The k-means algorithm is the algorithm for clusterization in the euclidian space. The main idea is that we know exactly the number of clusters and that the form of clusters is convex. First we predefined the centers of the clusters before the all iterations. The main loss function is the Mean Squared Error. For each iteration we check that each point is closed to the center of it`s cluster. If not - change the cluster and recalculate the cluster centers. If on one iteration we change nothing than the algorithm finished the work. 
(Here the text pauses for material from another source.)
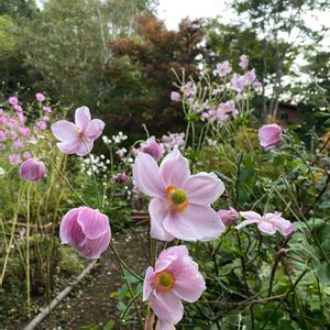 山荘の庭の秋明菊。 ピンクと、少しだけ白が、それぞれ綺麗に咲きました。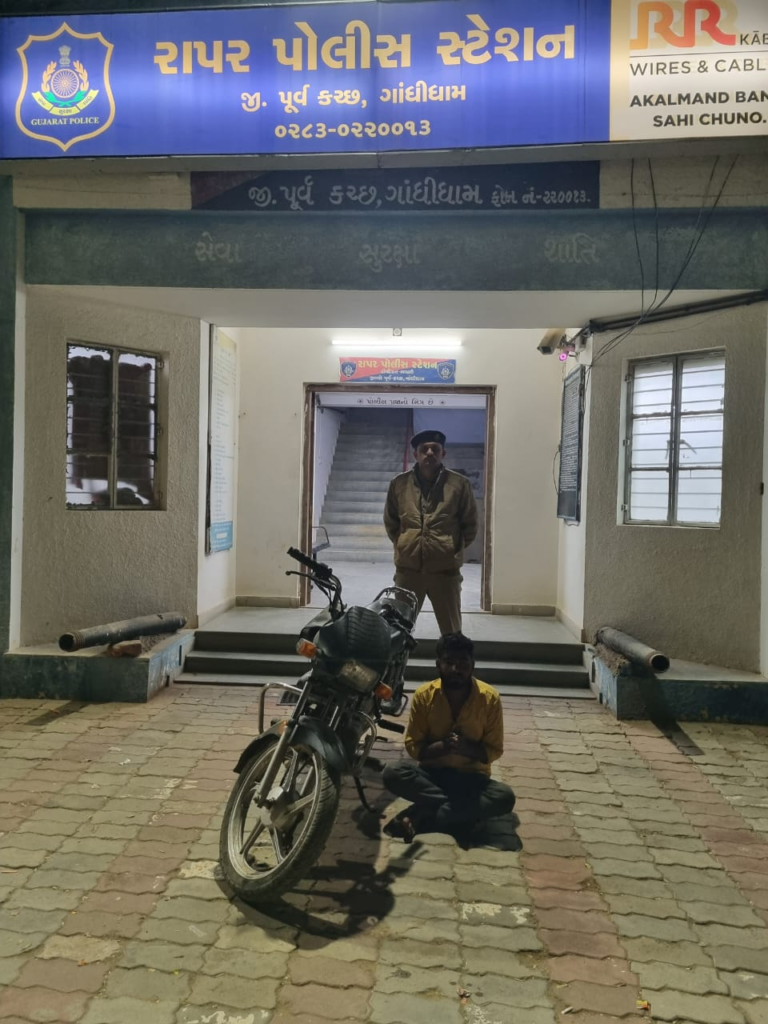 સામખ્યાળી પો.સ્ટે વિસ્તારમાં થયેલ મો.સા ચોરીના ગુનાને પોકેટકોપની મદદથી આરોપીને મુદામાલ સાથે પકડી ગુનો ડીટેકટ કરતી રાપર પોલીસ

If we use the fixed number of blocks in stohastic block model we can optimize the network only till some threshold, because the natural number of clusters will be higher/lower than predefined and nodes from another clusters will make the results worser. Same happened for the k-means, when we mix the nodes from different clusters and the centers of the clusters are wrong compared to real situation. 

The loss function for the n clusters from n points will be 0.

As you see the notification in 2.a that each node is separated cluster did not allow us to receive good results in 2.a for the graph. Not predefining the number of clusters helped us to maximize the likelihood function.